About this task: Pictures do not belong in your copy. Repeat all the other data exactly.

Recorded information:
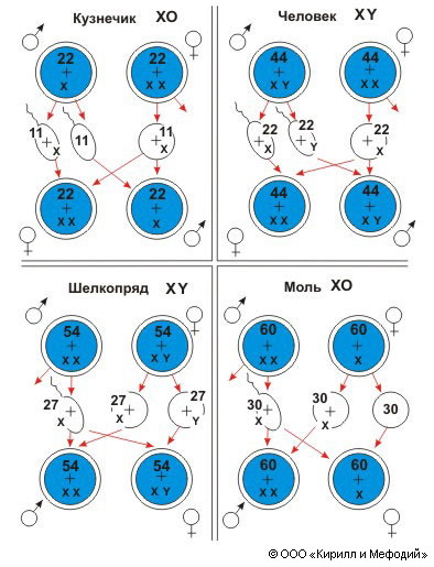 Схема различных типов хромосомного определения пола (двойные кружки — зиготы; одинарные — гаметы; цифры указывают число хромосом).
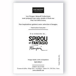 Affiche offset d'art dérivée de la bande dessinée Spirou & Fantasio par Franquin au Journal Spirou Couverture de l'album du journal n°75 - 1960 est imprimée sur un papier d'art Conquéror Connoisseur 100% coton/315g. Chaque exemplaire est encadré dans une Marie-Louise noire ornée d’une plaque en étain Akimoff. Edition limitée et numérotée à 99 exemplaires. Dimensions: 30x40cm. Avec Zorglub.
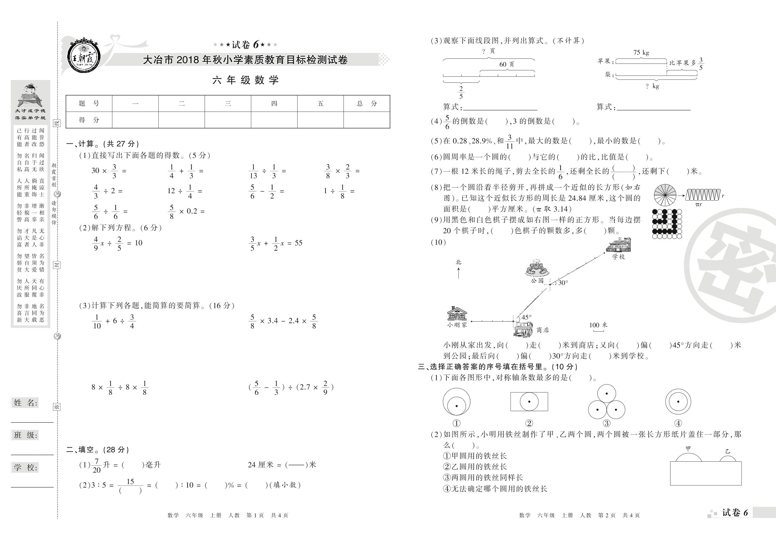 2018-2019学年第一学期大冶市六年级数学试卷(人教版)【6】
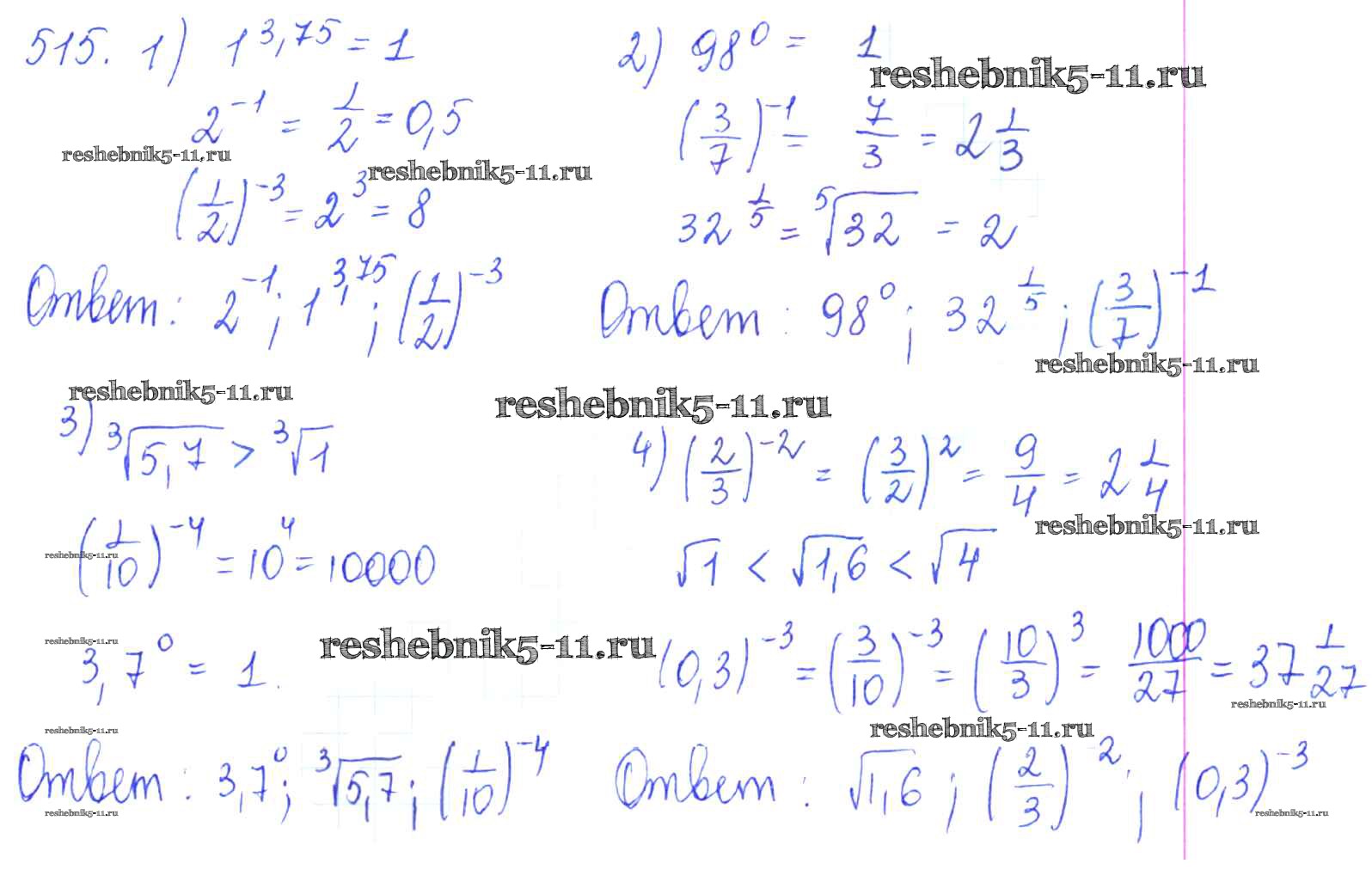 Готовая домашняя работа с ответами по Алгебре за 10 класс Колягин, Ткачёва, Федорова, Шабунин Учебник Базовый и углубленный уровень Просвещение 2017 ФГОС - Упражнения 515

Solution to the problem:
 Схема различных типов хромосомного определения пола (двойные кружки — зиготы; одинарные — гаметы; цифры указывают число хромосом).
 Affiche offset d'art dérivée de la bande dessinée Spirou & Fantasio par Franquin au Journal Spirou Couverture de l'album du journal n°75 - 1960 est imprimée sur un papier d'art Conquéror Connoisseur 100% coton/315g. Chaque exemplaire est encadré dans une Marie-Louise noire ornée d’une plaque en étain Akimoff. Edition limitée et numérotée à 99 exemplaires. Dimensions: 30x40cm. Avec Zorglub.
 2018-2019学年第一学期大冶市六年级数学试卷(人教版)【6】
 Готовая домашняя работа с ответами по Алгебре за 10 класс Колягин, Ткачёва, Федорова, Шабунин Учебник Базовый и углубленный уровень Просвещение 2017 ФГОС - Упражнения 515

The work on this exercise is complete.